(What is being asked)
Using the data below, reproduce exactly the lines from the line with "полку — красивее." to the line with "Take the time", both included; pictures must be dropped.

(Information given)
>>>
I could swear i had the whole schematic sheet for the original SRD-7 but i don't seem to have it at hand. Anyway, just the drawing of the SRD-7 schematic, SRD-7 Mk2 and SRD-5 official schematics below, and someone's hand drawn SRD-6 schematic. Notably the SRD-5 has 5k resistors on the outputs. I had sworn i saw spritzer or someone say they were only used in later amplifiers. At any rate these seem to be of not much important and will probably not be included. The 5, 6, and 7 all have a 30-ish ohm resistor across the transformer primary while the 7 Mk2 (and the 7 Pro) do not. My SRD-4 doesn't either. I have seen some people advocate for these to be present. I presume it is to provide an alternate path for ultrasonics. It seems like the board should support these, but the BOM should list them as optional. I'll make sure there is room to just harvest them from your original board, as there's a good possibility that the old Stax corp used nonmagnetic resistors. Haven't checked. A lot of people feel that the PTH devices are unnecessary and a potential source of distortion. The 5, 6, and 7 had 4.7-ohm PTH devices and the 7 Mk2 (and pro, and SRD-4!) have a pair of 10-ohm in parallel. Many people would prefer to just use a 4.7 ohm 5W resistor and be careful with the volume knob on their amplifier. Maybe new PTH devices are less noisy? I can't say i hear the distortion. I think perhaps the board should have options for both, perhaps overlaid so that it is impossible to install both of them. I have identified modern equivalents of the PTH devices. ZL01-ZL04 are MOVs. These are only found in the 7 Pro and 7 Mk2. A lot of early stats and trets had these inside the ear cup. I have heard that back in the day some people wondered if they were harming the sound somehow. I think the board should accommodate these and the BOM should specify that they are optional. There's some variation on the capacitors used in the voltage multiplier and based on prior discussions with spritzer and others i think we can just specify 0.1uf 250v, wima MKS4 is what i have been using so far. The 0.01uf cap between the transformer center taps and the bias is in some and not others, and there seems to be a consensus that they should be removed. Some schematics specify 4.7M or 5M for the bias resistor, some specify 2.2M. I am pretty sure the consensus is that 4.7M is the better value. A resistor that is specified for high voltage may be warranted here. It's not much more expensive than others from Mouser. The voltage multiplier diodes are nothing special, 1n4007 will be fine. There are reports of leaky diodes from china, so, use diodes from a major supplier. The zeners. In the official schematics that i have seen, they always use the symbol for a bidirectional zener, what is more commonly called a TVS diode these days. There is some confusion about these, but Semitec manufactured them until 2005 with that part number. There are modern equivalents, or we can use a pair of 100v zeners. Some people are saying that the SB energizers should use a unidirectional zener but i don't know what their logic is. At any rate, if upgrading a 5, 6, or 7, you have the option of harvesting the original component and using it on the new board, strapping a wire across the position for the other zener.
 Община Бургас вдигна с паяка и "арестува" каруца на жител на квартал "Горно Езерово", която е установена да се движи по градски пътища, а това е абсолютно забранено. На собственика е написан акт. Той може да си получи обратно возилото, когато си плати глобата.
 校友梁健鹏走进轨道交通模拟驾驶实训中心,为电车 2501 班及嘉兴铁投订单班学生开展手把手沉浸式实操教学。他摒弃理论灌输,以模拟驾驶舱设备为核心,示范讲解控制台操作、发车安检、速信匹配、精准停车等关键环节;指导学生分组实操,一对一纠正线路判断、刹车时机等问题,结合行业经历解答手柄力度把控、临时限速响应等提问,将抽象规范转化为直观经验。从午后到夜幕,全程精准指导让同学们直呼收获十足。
<<<
>>>
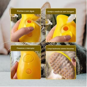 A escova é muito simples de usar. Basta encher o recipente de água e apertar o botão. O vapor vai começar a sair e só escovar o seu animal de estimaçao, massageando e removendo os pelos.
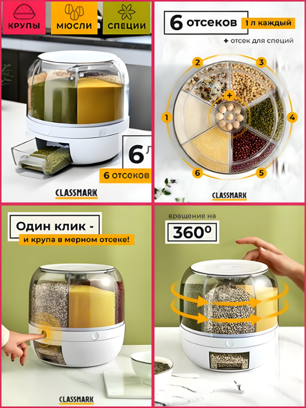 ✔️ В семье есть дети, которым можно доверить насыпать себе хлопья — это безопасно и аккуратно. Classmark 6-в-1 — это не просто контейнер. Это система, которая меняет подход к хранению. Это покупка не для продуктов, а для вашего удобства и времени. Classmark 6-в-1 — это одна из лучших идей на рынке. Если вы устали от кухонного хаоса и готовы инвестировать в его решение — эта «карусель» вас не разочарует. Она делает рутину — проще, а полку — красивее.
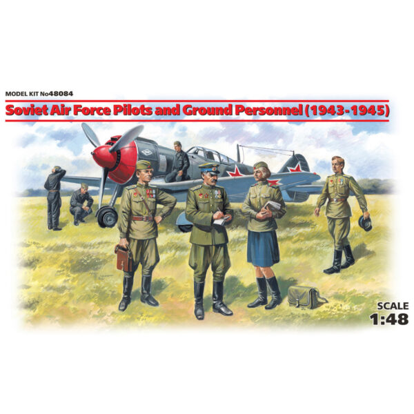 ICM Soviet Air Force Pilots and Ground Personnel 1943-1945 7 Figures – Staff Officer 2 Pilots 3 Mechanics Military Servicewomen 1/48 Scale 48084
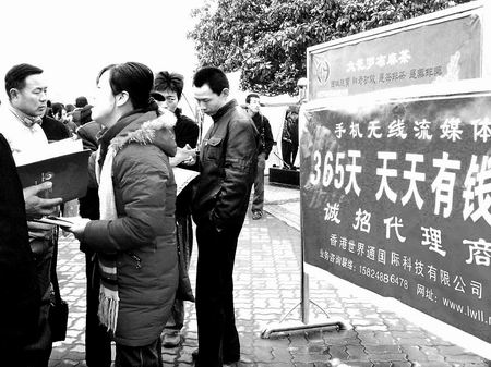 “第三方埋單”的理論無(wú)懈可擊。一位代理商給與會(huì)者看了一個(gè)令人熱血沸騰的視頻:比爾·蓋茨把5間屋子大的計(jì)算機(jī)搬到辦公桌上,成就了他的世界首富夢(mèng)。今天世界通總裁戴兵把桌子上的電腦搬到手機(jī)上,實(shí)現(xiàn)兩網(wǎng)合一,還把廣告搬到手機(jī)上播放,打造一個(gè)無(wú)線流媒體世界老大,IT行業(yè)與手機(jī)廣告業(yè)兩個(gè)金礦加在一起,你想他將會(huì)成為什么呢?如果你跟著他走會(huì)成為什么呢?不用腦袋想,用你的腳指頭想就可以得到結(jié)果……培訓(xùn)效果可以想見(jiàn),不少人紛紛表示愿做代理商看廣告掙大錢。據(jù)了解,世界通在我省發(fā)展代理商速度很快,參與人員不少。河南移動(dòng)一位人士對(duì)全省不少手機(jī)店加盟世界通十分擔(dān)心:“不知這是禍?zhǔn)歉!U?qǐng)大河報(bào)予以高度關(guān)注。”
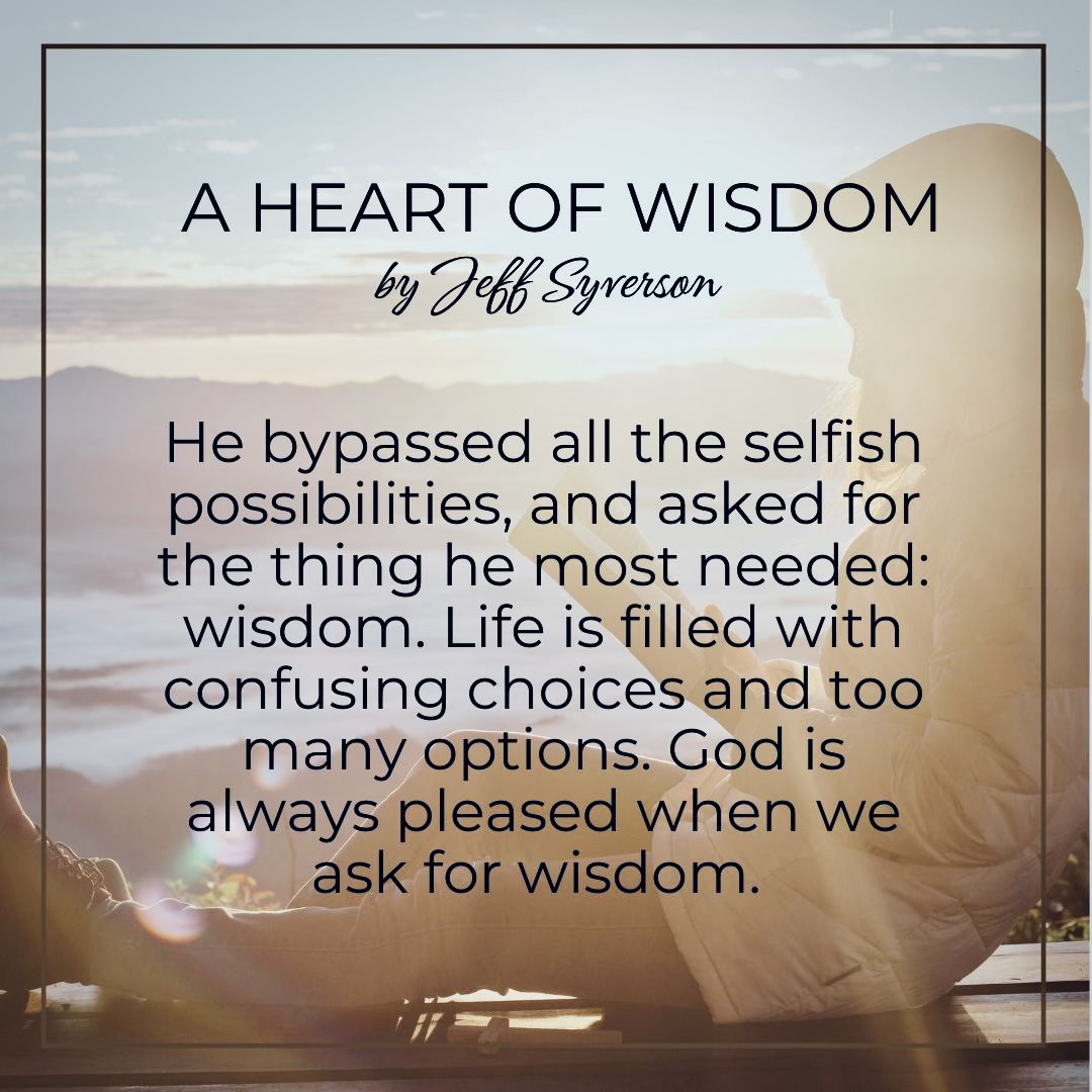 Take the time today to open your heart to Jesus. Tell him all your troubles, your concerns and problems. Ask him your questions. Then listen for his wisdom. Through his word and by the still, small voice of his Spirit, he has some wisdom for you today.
<<<
(Task output)
 ✔️ В семье есть дети, которым можно доверить насыпать себе хлопья — это безопасно и аккуратно. Classmark 6-в-1 — это не просто контейнер. Это система, которая меняет подход к хранению. Это покупка не для продуктов, а для вашего удобства и времени. Classmark 6-в-1 — это одна из лучших идей на рынке. Если вы устали от кухонного хаоса и готовы инвестировать в его решение — эта «карусель» вас не разочарует. Она делает рутину — проще, а полку — красивее.
 ICM Soviet Air Force Pilots and Ground Personnel 1943-1945 7 Figures – Staff Officer 2 Pilots 3 Mechanics Military Servicewomen 1/48 Scale 48084
 “第三方埋單”的理論無(wú)懈可擊。一位代理商給與會(huì)者看了一個(gè)令人熱血沸騰的視頻:比爾·蓋茨把5間屋子大的計(jì)算機(jī)搬到辦公桌上,成就了他的世界首富夢(mèng)。今天世界通總裁戴兵把桌子上的電腦搬到手機(jī)上,實(shí)現(xiàn)兩網(wǎng)合一,還把廣告搬到手機(jī)上播放,打造一個(gè)無(wú)線流媒體世界老大,IT行業(yè)與手機(jī)廣告業(yè)兩個(gè)金礦加在一起,你想他將會(huì)成為什么呢?如果你跟著他走會(huì)成為什么呢?不用腦袋想,用你的腳指頭想就可以得到結(jié)果……培訓(xùn)效果可以想見(jiàn),不少人紛紛表示愿做代理商看廣告掙大錢。據(jù)了解,世界通在我省發(fā)展代理商速度很快,參與人員不少。河南移動(dòng)一位人士對(duì)全省不少手機(jī)店加盟世界通十分擔(dān)心:“不知這是禍?zhǔn)歉!U?qǐng)大河報(bào)予以高度關(guān)注。”
 Take the time today to open your heart to Jesus. Tell him all your troubles, your concerns and problems. Ask him your questions. Then listen for his wisdom. Through his word and by the still, small voice of his Spirit, he has some wisdom for you today.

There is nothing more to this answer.